--- START ---
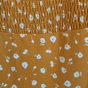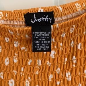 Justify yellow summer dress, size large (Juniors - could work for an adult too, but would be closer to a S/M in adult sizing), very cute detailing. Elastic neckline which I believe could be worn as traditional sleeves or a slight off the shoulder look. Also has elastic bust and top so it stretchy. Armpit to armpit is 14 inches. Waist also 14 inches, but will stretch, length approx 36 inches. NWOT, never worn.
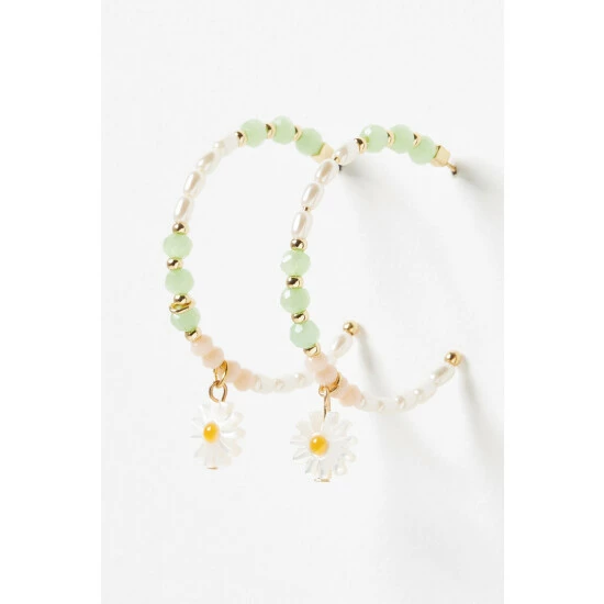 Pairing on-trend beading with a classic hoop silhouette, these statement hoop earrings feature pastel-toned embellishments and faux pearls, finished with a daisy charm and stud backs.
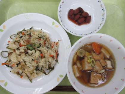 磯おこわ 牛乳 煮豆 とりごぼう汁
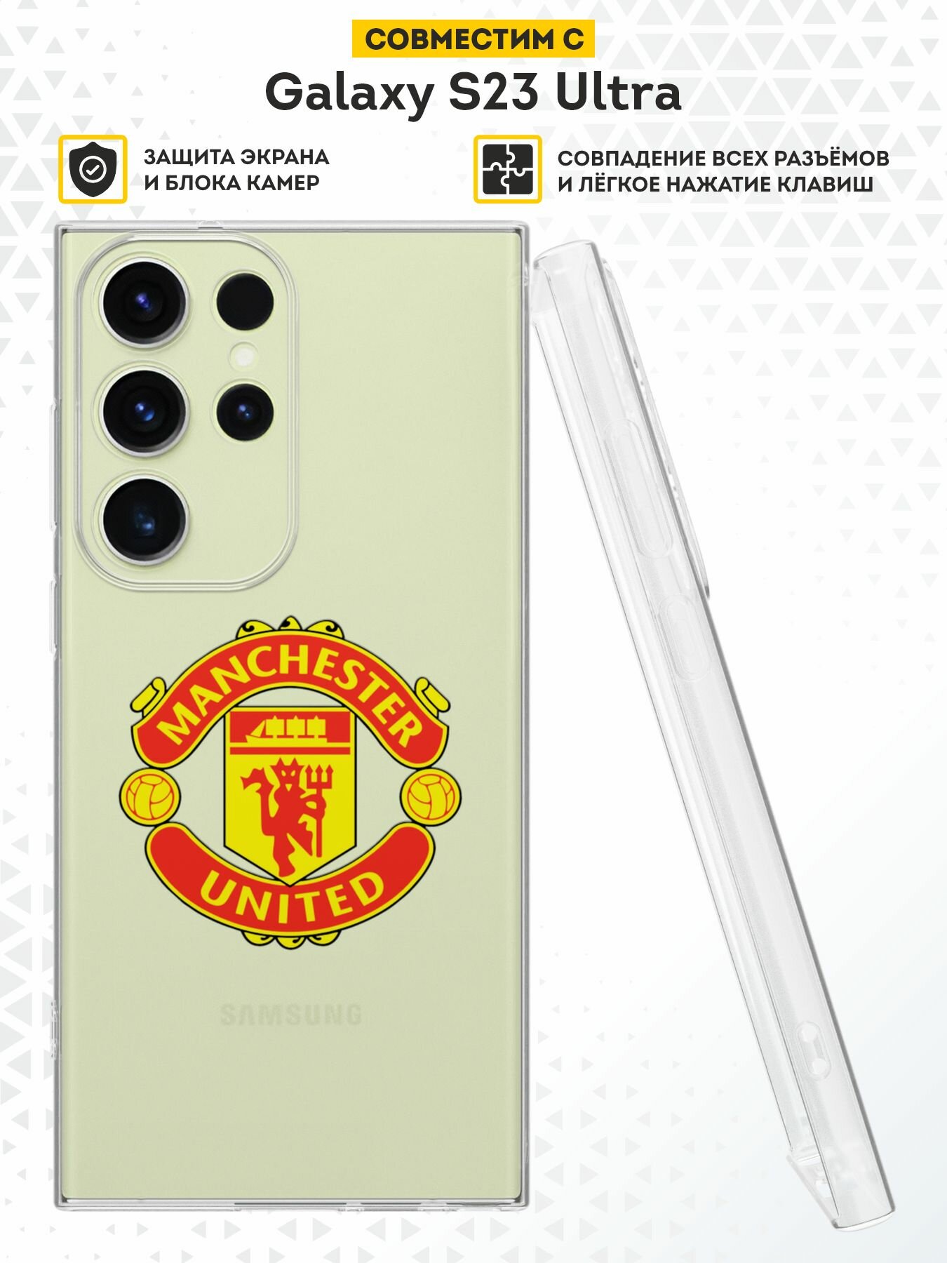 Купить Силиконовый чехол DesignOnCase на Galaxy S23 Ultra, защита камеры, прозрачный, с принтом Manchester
--- END ---
Repeat every line of the data exactly, but do not include pictures.

 Justify yellow summer dress, size large (Juniors - could work for an adult too, but would be closer to a S/M in adult sizing), very cute detailing. Elastic neckline which I believe could be worn as traditional sleeves or a slight off the shoulder look. Also has elastic bust and top so it stretchy. Armpit to armpit is 14 inches. Waist also 14 inches, but will stretch, length approx 36 inches. NWOT, never worn.
 Pairing on-trend beading with a classic hoop silhouette, these statement hoop earrings feature pastel-toned embellishments and faux pearls, finished with a daisy charm and stud backs.
 磯おこわ 牛乳 煮豆 とりごぼう汁
 Купить Силиконовый чехол DesignOnCase на Galaxy S23 Ultra, защита камеры, прозрачный, с принтом Manchester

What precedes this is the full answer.